> **RECORDS TO PROCESS**
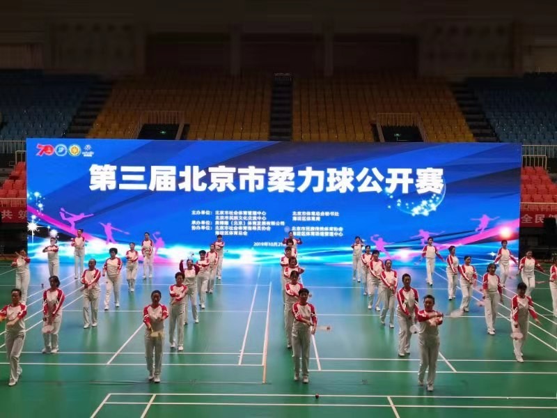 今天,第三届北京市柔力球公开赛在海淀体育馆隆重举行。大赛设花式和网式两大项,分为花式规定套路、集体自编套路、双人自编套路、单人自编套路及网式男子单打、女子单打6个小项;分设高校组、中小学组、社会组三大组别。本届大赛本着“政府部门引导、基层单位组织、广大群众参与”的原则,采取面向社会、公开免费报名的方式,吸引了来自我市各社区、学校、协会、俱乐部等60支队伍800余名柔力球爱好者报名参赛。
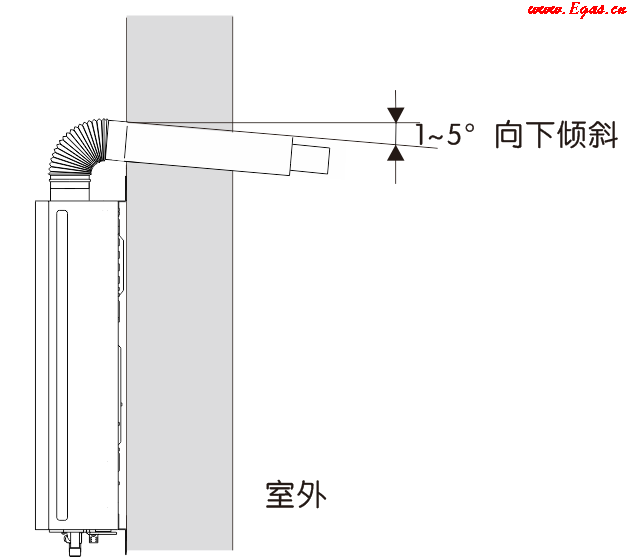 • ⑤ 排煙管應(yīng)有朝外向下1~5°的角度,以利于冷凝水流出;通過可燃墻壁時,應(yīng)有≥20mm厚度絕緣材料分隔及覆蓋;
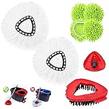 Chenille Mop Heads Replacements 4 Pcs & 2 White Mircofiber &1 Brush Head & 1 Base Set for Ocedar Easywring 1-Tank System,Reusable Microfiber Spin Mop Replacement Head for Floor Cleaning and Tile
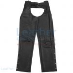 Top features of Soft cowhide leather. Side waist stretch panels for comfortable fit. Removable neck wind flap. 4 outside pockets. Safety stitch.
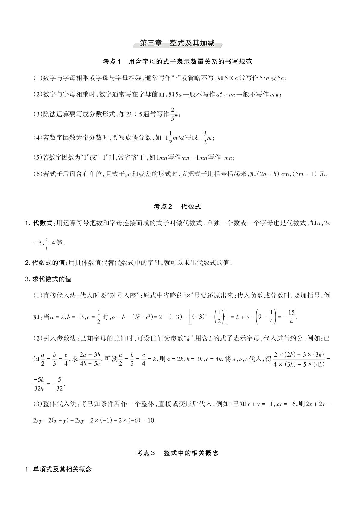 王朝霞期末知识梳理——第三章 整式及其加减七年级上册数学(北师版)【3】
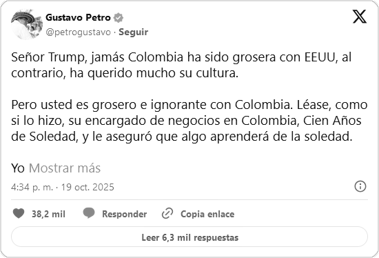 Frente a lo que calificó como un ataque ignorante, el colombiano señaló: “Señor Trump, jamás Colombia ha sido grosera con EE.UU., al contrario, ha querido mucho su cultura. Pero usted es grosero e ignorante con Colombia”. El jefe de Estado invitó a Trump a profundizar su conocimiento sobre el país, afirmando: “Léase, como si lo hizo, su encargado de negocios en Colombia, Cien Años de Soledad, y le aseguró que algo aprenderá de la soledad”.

> **TASK TO COMPLETE**
Give back an exact copy of the material above, omitting the pictures.

> **REPLY**
 今天,第三届北京市柔力球公开赛在海淀体育馆隆重举行。大赛设花式和网式两大项,分为花式规定套路、集体自编套路、双人自编套路、单人自编套路及网式男子单打、女子单打6个小项;分设高校组、中小学组、社会组三大组别。本届大赛本着“政府部门引导、基层单位组织、广大群众参与”的原则,采取面向社会、公开免费报名的方式,吸引了来自我市各社区、学校、协会、俱乐部等60支队伍800余名柔力球爱好者报名参赛。
 • ⑤ 排煙管應(yīng)有朝外向下1~5°的角度,以利于冷凝水流出;通過可燃墻壁時,應(yīng)有≥20mm厚度絕緣材料分隔及覆蓋;
 Chenille Mop Heads Replacements 4 Pcs & 2 White Mircofiber &1 Brush Head & 1 Base Set for Ocedar Easywring 1-Tank System,Reusable Microfiber Spin Mop Replacement Head for Floor Cleaning and Tile
 Top features of Soft cowhide leather. Side waist stretch panels for comfortable fit. Removable neck wind flap. 4 outside pockets. Safety stitch.
 王朝霞期末知识梳理——第三章 整式及其加减七年级上册数学(北师版)【3】
 Frente a lo que calificó como un ataque ignorante, el colombiano señaló: “Señor Trump, jamás Colombia ha sido grosera con EE.UU., al contrario, ha querido mucho su cultura. Pero usted es grosero e ignorante con Colombia”. El jefe de Estado invitó a Trump a profundizar su conocimiento sobre el país, afirmando: “Léase, como si lo hizo, su encargado de negocios en Colombia, Cien Años de Soledad, y le aseguró que algo aprenderá de la soledad”.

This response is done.